Published online by Cambridge University Press:  13 June 2014

Takao Someya ,
Katsuyuki Hoshino ,
Janet C. Harris ,
Koichi Tachibana ,
Satoshi Kako  and
Yasuhiko Arakawa
Takao Someya
Affiliation:
Research Center for Advanced Science and Technology, University of Tokyo, 4-6-1 Komaba, Meguro-ku, Tokyo 153-8904, Japan, Institute of Industrial Science, University of Tokyo, 7-22-1 Roppongi, Minato-ku, Tokyo 106-8558, Japan
Katsuyuki Hoshino
Affiliation:
Research Center for Advanced Science and Technology, University of Tokyo, 4-6-1 Komaba, Meguro-ku, Tokyo 153-8904, Japan, Institute of Industrial Science, University of Tokyo, 7-22-1 Roppongi, Minato-ku, Tokyo 106-8558, Japan
Janet C. Harris
Affiliation:
Research Center for Advanced Science and Technology, University of Tokyo, 4-6-1 Komaba, Meguro-ku, Tokyo 153-8904, Japan, Institute of Industrial Science, University of Tokyo, 7-22-1 Roppongi, Minato-ku, Tokyo 106-8558, Japan
Koichi Tachibana
Affiliation:
Research Center for Advanced Science and Technology, University of Tokyo, 4-6-1 Komaba, Meguro-ku, Tokyo 153-8904, Japan, Institute of Industrial Science, University of Tokyo, 7-22-1 Roppongi, Minato-ku, Tokyo 106-8558, Japan
Satoshi Kako
Affiliation:
Research Center for Advanced Science and Technology, University of Tokyo, 4-6-1 Komaba, Meguro-ku, Tokyo 153-8904, Japan, Institute of Industrial Science, University of Tokyo, 7-22-1 Roppongi, Minato-ku, Tokyo 106-8558, Japan
Yasuhiko Arakawa
Affiliation:
Research Center for Advanced Science and Technology, University of Tokyo, 4-6-1 Komaba, Meguro-ku, Tokyo 153-8904, Japan, Institute of Industrial Science, University of Tokyo, 7-22-1 Roppongi, Minato-ku, Tokyo 106-8558, Japan

Abstract

Photoluminescence (PL) spectra were measured at room temperature for GaN quantum wells (QWs) with Al0.8Ga0.2N barriers, which were grown by atmospheric-pressure metal organic chemical vapor deposition (MOCVD). The thickness of the GaN QW layers was systematically varied from one monolayer to four monolayers. We clearly observed a PL peak at a wavelength as short as 247 nm (5.03 eV) from one monolayer-thick QWs. The effective confinement energy is as large as 1.63 eV.

Type
Research Article
Information
Materials Research Society Internet Journal of Nitride Semiconductor Research , Volume 5 , Issue S1 , 2000 , pp. 984 - 989
Copyright
Copyright © 1996 Materials Research Society

Introduction

Blue light emitting diodes (LEDs) and blue laser diodes (LDs) have been developed recently using InGaN quantum wells (QWs) as the active layers and are being used in full-color display and high-density optical storage [Reference Nakamura1,Reference Nakamura and Fasol2]. GaN QWs are also of great interest for the development of new UV light emitters and for fundamental research into strong quantum confinement systems, since the huge band offsets between GaN and Al(Ga)N are favorable for increasing quantum confinement energy or reducing emission wavelength.

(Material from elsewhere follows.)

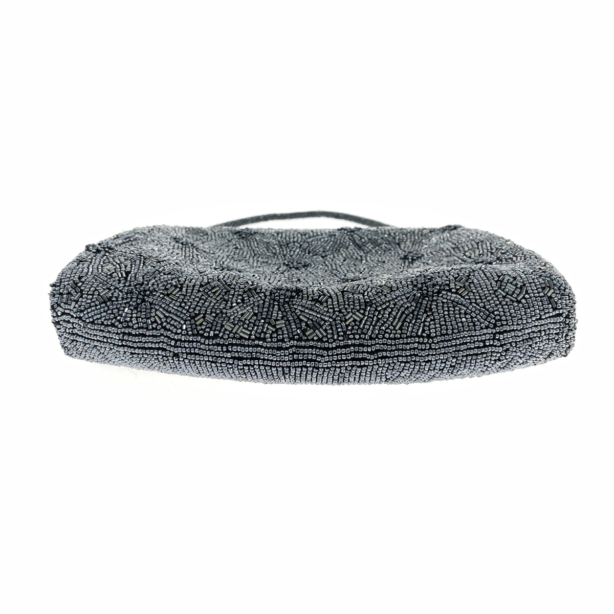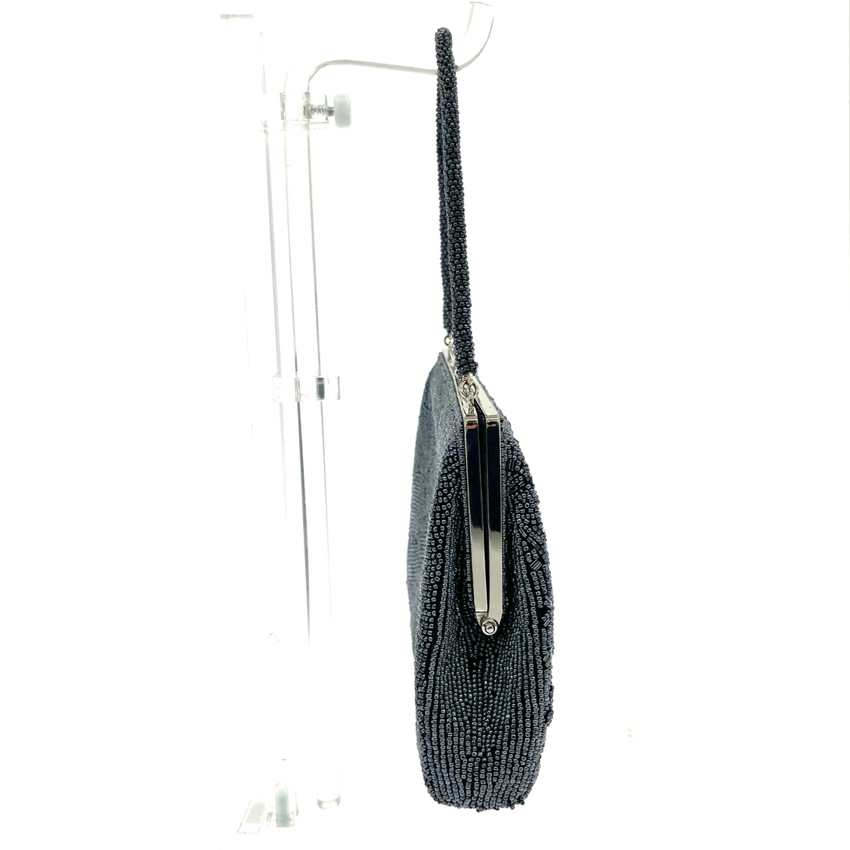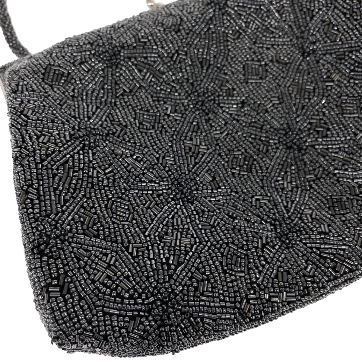 がま口ハンドバッグ 総ビーズ シルバーグレー |

Large quantum confinement requires epitaxial growth of AlxGa1−xN barrier layers with high aluminum contents x, on which very thin GaN well layers have to be formed with precise control of layer thickness and surface smoothness. Although photoluminescence (PL) spectra from thin GaN QWs have previously been reported, peak wavelengths were not very much lower than the bulk value. This is because the aluminum contents x in AlxGa1−xN barrier layers were around 10-20 % and, therefore, barrier heights or band offsets were small [Reference Langer, Simon, Ortiz, Pelekanos, Barski, Andre and Godlewski3-Reference Grandjean and Massies13]. Recently, Hirayama and Aoyagi have reduced the PL wavelength down to 280 nm by using Al0.11Ga0.89N for QW layers [Reference Hirayama and Aoyagi14,Reference Hirayama and Aoyagi15]. However, to realize stronger quantum confinement and shorter emission wavelengths, further development of the epitaxial growth of nitride semiconductors is very important.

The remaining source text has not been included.